Лариса потерла ладонью лоб:
— Мне просто трудно в это поверить. Во все.
— А ты не верь. Воспринимай как данность. Солнце на небе светит вне зависимости, веришь ты в ею существование или не веришь. Оно есть. Так и в случае с морферами… Только в киносценарий вводить морферов не советую. Такой сценарий не пропустят.
— Почему?
— Потому что, к примеру, некоторые наши знаменитые режиссеры — не люди. И им не понравится, если кто-то об этом догадается. Тьфу, фраза прозвучала двусмысленно, но, надеюсь, ты меня поняла. Так что вводим в сценарий процесс выкачивания яла из капсулы при помощи инсулинового шприца. Выглядит по-голливудски, но наш зритель это проглотит… Лариса, ты что?

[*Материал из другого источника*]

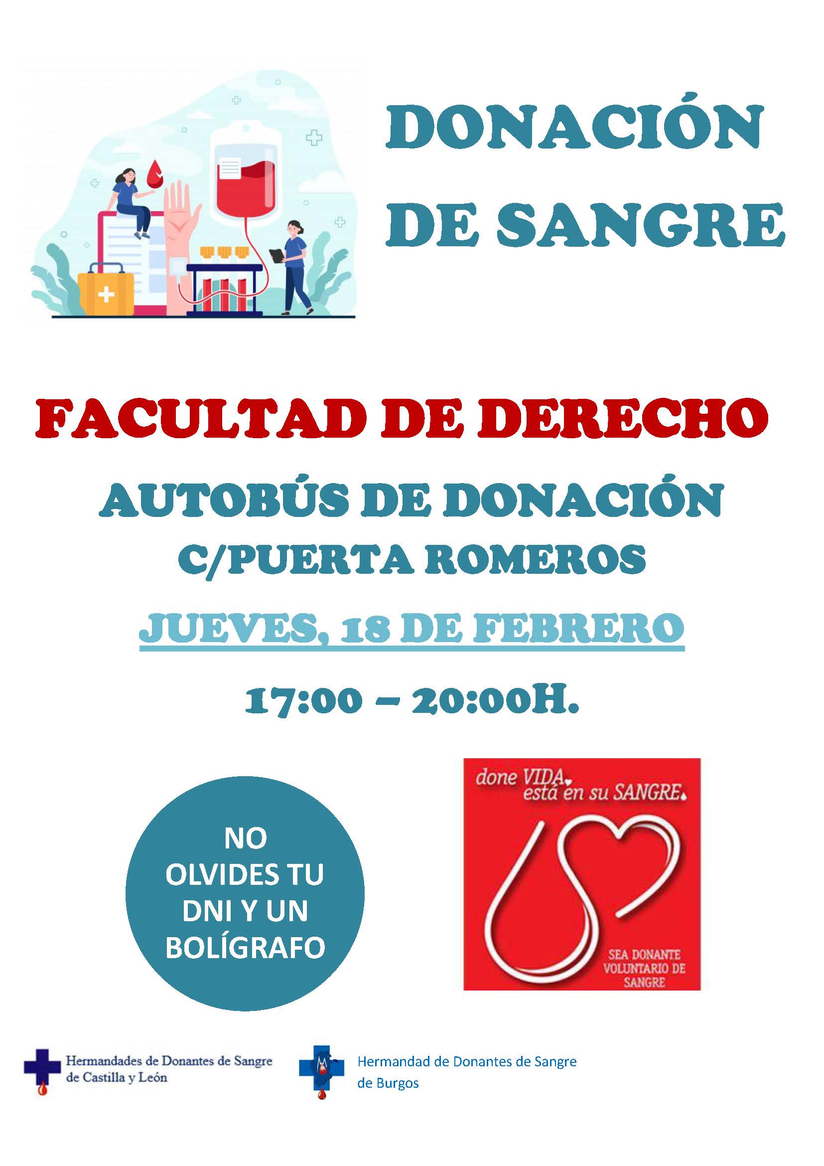 La Hermandad de Donantes de Sangre, el Centro de Hemodonación y la Universidad de Burgos organizan una campaña de donación de sangre en la Facultad de Derecho. El autobús donde se realizan las donaciones permanecerá en la Facultad de Derecho, en la Puerta Romeros, en horario de 17:00-20:00h
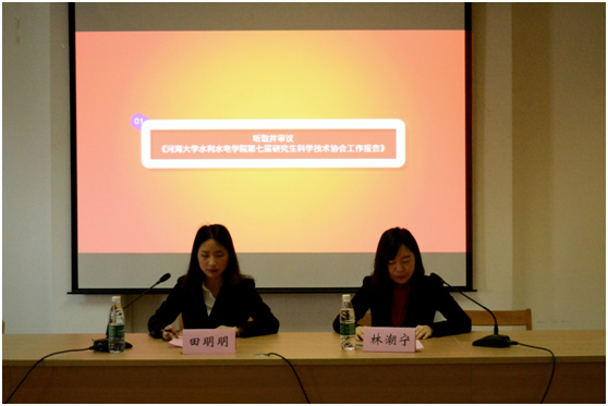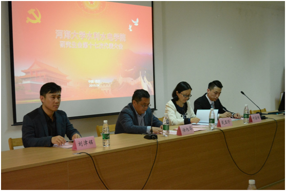 2019年4月25日下午,色漫 研究生会第十七次代表大会在水电馆401隆重召开。色漫 党委书记任旭华教授、副书记戴玉珍老师、团委书记刘津铭老师、研究生教学秘书周昶老师、研究生辅导员赵志涵老师、陈思思老师莅临本次会议,出席会议的还有校研会代表叶海焯同学,兄弟学院研会代表,色漫 第十六届研究生会和第七届研究生科协全体成员,以及各级硕士研究生和博士研究生代表。

Лариса посмотрела на Веру пустым взглядом.
— Лариска! Очнись! Будешь моим соратником-сценаристом или как?
Лариса не слышала Веру. Она монотонно заговорила, словно в трансе:
— Значит, если бы я все-таки попыталась выполнить свое дело, у меня ничего бы не вышло. А ты все это время молчала об этом. И я каждую минуту сходила с ума перед этим выбором: убить или оставить в живых… Ты, наверно, смеялась надо мной, Вера, за глаза. А теперь смеешься мне в глаза.

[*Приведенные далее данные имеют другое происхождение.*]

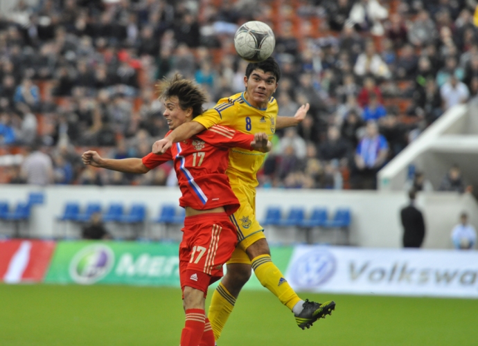 Полузащитник молодёжной сборной Украины Александр Нойок (справа) выигрывает воздушную дуэль у полузащитника молодежной сборной России Дмитрия Каюмова в финале Кубка Содружества. / Фото: © Елена Разина -
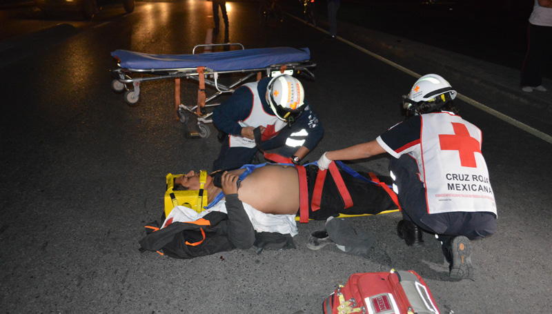 El empleado resulta con golpes de consideración al ser embestido en el kilómetro 5 carretera a Monterrey por una camioneta cuyo conductor tras el accidente se dio a la fuga
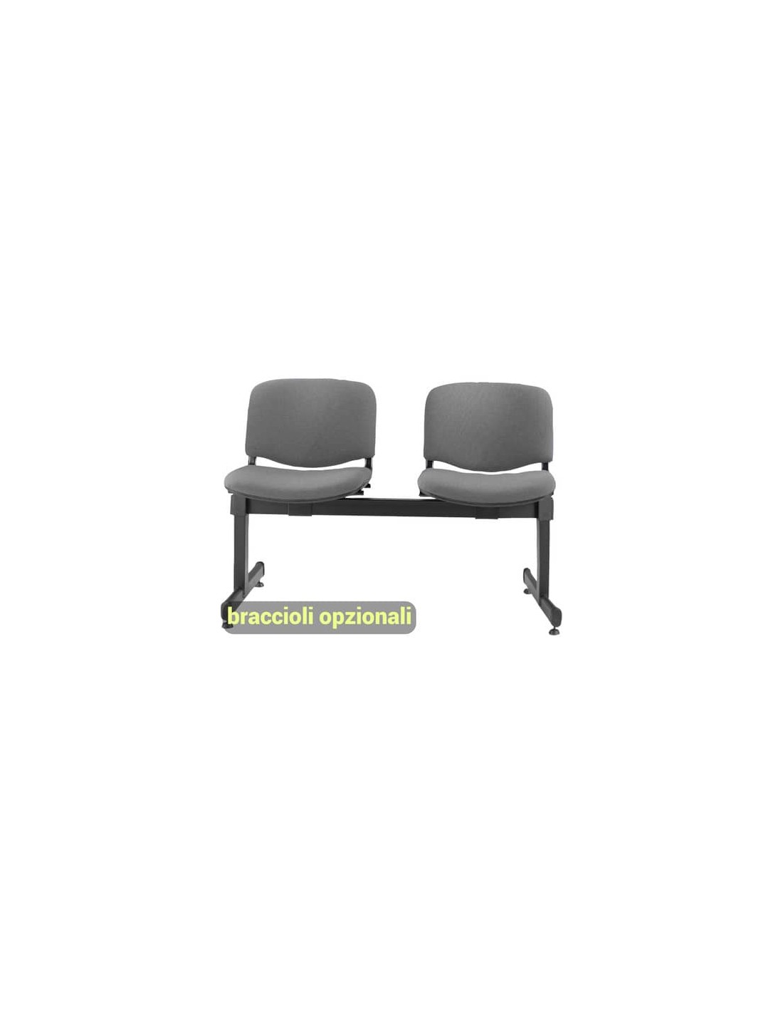 Panca a due posti collettività-attesa Dado D52P, struttura in acciaio nero, Braccioli opzionali (codici 110073, 110078), a schienale fisso. Dado è una linea veramente multipurpose, che presenta ogni soluzione per i più svariati utilizzi
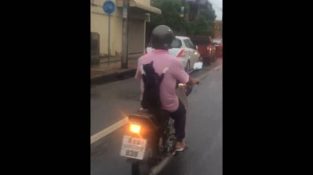 En guide til byen Nakhon SI Thammarat i Thailand, Han spilte inn denne uvanlige videoen med en katten sitter bak en scooter, fanget av sjefen over en liten mann.

— Вот ты дура! Опять ничего не поняла. Я же как лучше хотела. Что тебя не устраивает?! Ты подумай, перед тобой открываются перспективы новой жизни!
Лариса качнула головой.
— Верно, — собралась с духом и снова налила себе. — Так выпьем за перспективы!
Они чокнулись и выпили.
— Вот такой ты мне больше нравишься, — внимательно глядя на Ларису, сказала Вера. — Э-э, только не подумай чего! Ориентация у меня традиционная: водка, огурец, селедка!
Этим она все-таки заставила Ларису посмеяться.
— Расслабься, Ларочка. Здесь хорошо. К тому же скоро станет еще лучше. Начало Большой Охоты — это нечто феерическое! Зрелище умопомрачающее, поверь мне! И кстати, первый день Охоты завершается костюмированным балом-маскарадом. Так что продумай себе костюмчик. Времени осталось всего ничего.
— Оденусь местной горничной, — усмехнулась Лариса.
— Вот тут ты обломалась, — с удовольствием в голосе сказала Вера. — В костюме местной горничной на балу буду рассекать я. Думаю, на всех это произведет офигенное впечатление.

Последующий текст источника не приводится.